Voices from Chernobyl is a collection of interviews done by the Nobel Prize winning Belarusian journalist Svetlana Alexievich, which contains a series of interviews done with the survivors of the Chernobyl nuclear disaster in 1986.
These interviews with firefighters, cleanup crewmembers, civilians, and scientists paint a tragic and complex picture of life in an area ravaged by a nuclear meltdown.
The book takes you through the stories of the many people caught up in the worst nuclear accident in history, from the wives and parents of the first firefighters, to the people tasked with burying homes and farmland irradiated by the disaster, to the people who resettled after forced evacuations displaced hundreds of villages.
The juxtaposition of these everyday lives set against the backdrop of a land ravaged by nuclear disaster and governmental corruption and mismanagement is as compelling as it is brutal.
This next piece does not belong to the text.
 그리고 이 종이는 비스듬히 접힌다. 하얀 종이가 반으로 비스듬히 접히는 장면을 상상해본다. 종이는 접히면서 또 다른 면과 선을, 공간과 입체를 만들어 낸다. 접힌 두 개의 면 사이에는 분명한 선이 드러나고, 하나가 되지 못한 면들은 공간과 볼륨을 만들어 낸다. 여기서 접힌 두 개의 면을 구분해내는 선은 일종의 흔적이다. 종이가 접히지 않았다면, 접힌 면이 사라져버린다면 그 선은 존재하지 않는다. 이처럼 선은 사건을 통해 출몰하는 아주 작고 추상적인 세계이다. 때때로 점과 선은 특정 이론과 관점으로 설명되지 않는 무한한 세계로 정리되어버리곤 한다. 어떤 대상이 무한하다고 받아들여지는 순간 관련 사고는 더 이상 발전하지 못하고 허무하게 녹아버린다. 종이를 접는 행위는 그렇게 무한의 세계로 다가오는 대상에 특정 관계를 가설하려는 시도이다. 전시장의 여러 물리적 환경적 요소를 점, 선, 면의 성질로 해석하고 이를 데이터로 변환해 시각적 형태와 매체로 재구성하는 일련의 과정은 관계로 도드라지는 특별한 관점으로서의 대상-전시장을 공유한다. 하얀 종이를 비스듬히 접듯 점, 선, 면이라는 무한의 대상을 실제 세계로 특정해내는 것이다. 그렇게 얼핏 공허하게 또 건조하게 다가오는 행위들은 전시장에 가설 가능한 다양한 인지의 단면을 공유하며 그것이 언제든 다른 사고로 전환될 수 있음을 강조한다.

This book pulls no punches in showing the aftershock of the disaster and how it tore through the lives of so many people, and how they continue to live in spite of everything.
This book is not an easy read, there were no really happy endings and the disaster’s effects are still being felt in the region today. However it does provide a powerfully personal look into the lives of those affected and the incredible persistence of humanity despite everything.